Work instruction
Return only the line that contains "64.8 კვ.მ | სართული 6" and each line after it, through the last line of the data below, copied exactly.

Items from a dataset
[Start of Attachment]
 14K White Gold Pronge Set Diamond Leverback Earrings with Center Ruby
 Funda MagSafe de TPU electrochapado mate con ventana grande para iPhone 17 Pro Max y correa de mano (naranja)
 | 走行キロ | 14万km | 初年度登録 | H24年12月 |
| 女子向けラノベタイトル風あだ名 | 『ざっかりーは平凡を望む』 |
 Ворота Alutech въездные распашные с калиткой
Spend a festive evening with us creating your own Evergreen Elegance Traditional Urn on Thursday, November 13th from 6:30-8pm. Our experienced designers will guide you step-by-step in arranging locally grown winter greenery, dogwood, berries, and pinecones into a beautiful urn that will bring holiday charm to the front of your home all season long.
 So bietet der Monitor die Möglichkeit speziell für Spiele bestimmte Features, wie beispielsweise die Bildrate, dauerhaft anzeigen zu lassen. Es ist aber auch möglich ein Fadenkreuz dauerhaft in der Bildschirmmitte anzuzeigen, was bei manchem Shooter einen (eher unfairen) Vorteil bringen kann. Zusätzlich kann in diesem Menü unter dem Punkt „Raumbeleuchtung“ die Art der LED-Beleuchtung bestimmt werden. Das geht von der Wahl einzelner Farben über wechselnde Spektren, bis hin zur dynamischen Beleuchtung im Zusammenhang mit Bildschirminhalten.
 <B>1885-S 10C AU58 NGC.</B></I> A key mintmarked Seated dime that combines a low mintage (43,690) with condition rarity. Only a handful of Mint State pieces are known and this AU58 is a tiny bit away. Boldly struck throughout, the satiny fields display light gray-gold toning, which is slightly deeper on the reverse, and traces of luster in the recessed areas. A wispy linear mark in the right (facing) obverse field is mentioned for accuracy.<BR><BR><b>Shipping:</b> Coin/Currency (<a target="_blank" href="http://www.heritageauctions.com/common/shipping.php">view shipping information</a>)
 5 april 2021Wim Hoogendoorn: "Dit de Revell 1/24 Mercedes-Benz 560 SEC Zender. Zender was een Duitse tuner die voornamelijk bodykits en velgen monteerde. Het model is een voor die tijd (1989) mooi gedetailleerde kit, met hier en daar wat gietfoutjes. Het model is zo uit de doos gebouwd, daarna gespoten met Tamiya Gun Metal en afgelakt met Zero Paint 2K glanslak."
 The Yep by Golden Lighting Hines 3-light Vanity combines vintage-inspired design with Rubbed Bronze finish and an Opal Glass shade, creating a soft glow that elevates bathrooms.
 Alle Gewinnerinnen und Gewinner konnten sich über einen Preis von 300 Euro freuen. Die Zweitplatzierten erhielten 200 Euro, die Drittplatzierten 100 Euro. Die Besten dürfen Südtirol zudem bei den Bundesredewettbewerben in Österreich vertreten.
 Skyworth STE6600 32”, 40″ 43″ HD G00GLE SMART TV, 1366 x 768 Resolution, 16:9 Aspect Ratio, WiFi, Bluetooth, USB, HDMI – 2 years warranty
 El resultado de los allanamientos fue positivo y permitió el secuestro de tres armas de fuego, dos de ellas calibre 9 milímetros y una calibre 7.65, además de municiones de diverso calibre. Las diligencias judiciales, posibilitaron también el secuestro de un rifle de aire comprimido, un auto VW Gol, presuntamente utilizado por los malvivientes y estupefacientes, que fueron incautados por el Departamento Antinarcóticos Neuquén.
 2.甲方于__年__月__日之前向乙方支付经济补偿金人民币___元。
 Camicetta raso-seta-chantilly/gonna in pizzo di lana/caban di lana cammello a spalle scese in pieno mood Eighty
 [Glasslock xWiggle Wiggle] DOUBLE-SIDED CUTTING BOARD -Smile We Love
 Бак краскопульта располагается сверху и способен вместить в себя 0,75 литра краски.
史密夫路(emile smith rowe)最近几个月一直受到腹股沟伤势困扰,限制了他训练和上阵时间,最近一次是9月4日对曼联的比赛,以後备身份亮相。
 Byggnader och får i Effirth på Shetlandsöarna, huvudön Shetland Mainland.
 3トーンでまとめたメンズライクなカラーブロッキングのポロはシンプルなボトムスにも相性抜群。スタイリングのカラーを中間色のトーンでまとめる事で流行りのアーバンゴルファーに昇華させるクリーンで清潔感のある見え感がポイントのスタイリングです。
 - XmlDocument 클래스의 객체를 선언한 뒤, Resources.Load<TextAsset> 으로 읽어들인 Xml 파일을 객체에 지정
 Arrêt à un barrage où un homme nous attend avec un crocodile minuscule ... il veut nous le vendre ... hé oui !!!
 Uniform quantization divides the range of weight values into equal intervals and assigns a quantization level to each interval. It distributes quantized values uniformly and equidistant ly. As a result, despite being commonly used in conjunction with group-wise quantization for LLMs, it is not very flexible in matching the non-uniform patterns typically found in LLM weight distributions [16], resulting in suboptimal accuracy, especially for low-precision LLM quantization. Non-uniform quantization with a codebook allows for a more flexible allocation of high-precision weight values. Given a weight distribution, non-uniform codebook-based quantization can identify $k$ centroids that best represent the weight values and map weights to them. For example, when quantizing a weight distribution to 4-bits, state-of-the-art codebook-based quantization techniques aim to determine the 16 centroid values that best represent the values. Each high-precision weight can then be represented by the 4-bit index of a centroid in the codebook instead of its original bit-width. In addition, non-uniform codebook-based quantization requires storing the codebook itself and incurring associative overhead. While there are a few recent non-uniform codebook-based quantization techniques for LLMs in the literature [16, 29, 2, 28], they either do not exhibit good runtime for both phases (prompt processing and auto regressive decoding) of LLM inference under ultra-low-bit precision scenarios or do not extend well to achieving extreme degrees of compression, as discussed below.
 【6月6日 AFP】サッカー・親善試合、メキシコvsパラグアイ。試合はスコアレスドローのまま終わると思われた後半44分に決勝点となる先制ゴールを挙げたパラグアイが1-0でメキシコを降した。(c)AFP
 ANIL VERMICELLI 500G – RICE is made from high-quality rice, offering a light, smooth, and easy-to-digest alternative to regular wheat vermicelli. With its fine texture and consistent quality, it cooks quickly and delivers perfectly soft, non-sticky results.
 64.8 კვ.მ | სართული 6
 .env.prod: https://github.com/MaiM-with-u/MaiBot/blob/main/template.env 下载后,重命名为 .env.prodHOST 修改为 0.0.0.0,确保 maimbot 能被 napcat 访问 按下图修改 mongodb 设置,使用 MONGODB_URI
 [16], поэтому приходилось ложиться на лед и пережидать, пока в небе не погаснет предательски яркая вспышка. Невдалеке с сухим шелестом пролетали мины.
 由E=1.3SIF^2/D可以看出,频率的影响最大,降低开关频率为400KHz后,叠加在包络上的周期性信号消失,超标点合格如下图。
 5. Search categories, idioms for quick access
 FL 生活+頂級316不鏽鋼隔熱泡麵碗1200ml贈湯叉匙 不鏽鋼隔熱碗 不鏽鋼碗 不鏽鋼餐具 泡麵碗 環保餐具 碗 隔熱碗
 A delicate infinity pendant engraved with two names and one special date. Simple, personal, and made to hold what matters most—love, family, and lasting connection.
[End of Attachment]
Exercise output
 64.8 კვ.მ | სართული 6
 .env.prod: https://github.com/MaiM-with-u/MaiBot/blob/main/template.env 下载后,重命名为 .env.prodHOST 修改为 0.0.0.0,确保 maimbot 能被 napcat 访问 按下图修改 mongodb 设置,使用 MONGODB_URI
 [16], поэтому приходилось ложиться на лед и пережидать, пока в небе не погаснет предательски яркая вспышка. Невдалеке с сухим шелестом пролетали мины.
 由E=1.3SIF^2/D可以看出,频率的影响最大,降低开关频率为400KHz后,叠加在包络上的周期性信号消失,超标点合格如下图。
 5. Search categories, idioms for quick access
 FL 生活+頂級316不鏽鋼隔熱泡麵碗1200ml贈湯叉匙 不鏽鋼隔熱碗 不鏽鋼碗 不鏽鋼餐具 泡麵碗 環保餐具 碗 隔熱碗
 A delicate infinity pendant engraved with two names and one special date. Simple, personal, and made to hold what matters most—love, family, and lasting connection.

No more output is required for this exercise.